Date (2025) Event description
Dec. 1 ByteDance’s Doubao assistant becomes available on ZTE’s Nubia M153, marketed as an agentic AI phone for developers. ​
Early Dec. Early users report WeChat login errors and banking app warnings when using Doubao to automate tasks. ​
Dec. 3–4 Chinese reports detail blocks and pop‑ups from WeChat, Agricultural Bank of China and China Construction Bank apps. ​
Dec. 5 Industry watchers note that Alipay, Taobao, Pinduoduo, Ele.me and some gaming apps also restrict Doubao’s operations. ​
Dec. 6–7 ByteDance announces limits on financial, gaming and incentive‑related automation on the Nubia M153 AI phone. ​

This rapid sequence shows how quickly the experiment with an AI‑first phone escalated into a broader confrontation with dominant super apps and financial platforms. Within less than a week of launch, the project shifted from a showcase of automation to a negotiated retreat focused on risk controls and compliance.​

Regulatory and Competition Backdrop in China

The clash around the ByteDance AI phone unfolds against years of tension over platform interoperability and competition in China’s internet sector.

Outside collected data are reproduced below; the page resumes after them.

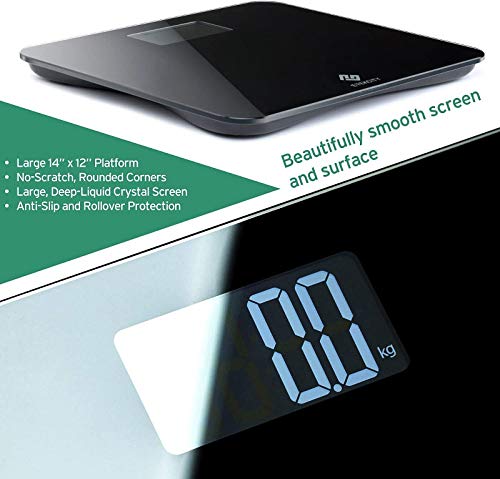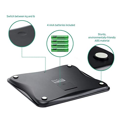 Etekcity Bilancia Pesa Persona Digitale 200kg/440lb, Bilancia Pesapersone Elettronica Alta Precisione, Piattaforma/LCD Display Retroilluminato Più Grande con Visione Ampia, Metro Nastro Incluso, Nera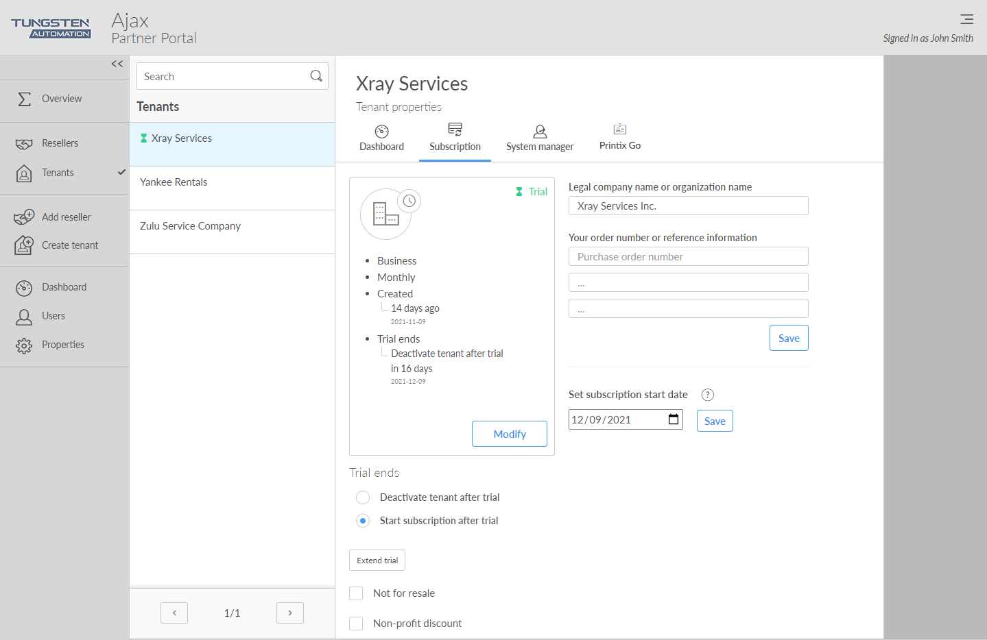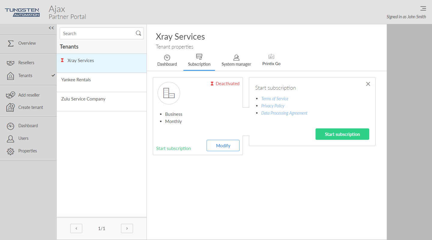 - Optionally, select Modify to change the plan and/or set the subscription start date.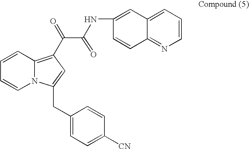 - NSFYQVSFMUVKQZ-UHFFFAOYSA-N 4-(indolizin-3-ylmethyl)benzonitrile Chemical compound C1=CC(C#N)=CC=C1CC1=CC=C2N1C=CC=C2 NSFYQVSFMUVKQZ-UHFFFAOYSA-N 0.000 description 6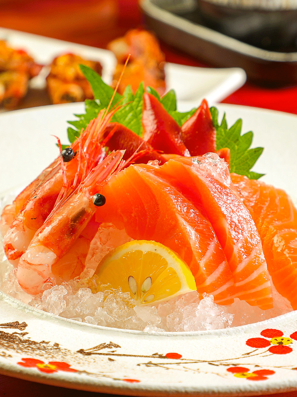 - 菜单内容 -【刺身拼盘(每人限1份)】蓝鳍金枪鱼1片、北极贝2片、甜虾2只

ByteDance and Tencent have previously fought public battles over link blocking, with ByteDance accusing WeChat of abusing its dominant position by restricting content and downloads from rival apps such as Douyin and Duoshan.​

Chinese regulators have also ordered major platforms to reduce anti‑competitive behavior and improve data security, especially in financial and payments services. That environment makes super apps cautious about allowing a third‑party AI agent to operate with system‑level privileges, given the potential for new security vulnerabilities and questions over who controls user data.​

At the same time, Beijing has encouraged firms to innovate in AI and so‑called agentic systems, pushing Chinese tech champions to compete at the frontier of AI‑powered services. The ByteDance–ZTE phone therefore sits at the intersection of two policy goals: promoting advanced AI while keeping tight control over data, financial stability and platform competition.​

What It Means for the Future of AI Smartphones

The ByteDance AI phone blocked by major Chinese apps highlights a central strategic question for the smartphone industry: who will own the user relationship in an era of agentic AI. If AI assistants can operate across all apps, aggregating tasks and data, they may weaken the power of individual platforms and shift value to whoever controls the operating‑system‑level agent.​

For now, the reaction from WeChat, Alipay, large e‑commerce platforms and state‑owned banks shows that super apps are not ready to concede that control, especially where payments, authentication and rewards programs are involved. Their pushback suggests that any future AI phone will need built‑in guardrails and negotiated protocols that clearly separate acceptable automation from activities that apps view as security or competitive threats.​

China’s experience is likely to inform similar debates in other markets as device makers and AI firms test more powerful assistants that can tap, swipe and transact across the mobile ecosystem. The outcome will shape whether AI phones become open, cross‑app agents serving users’ interests, or tightly controlled features constrained by the existing gatekeepers of mobile life.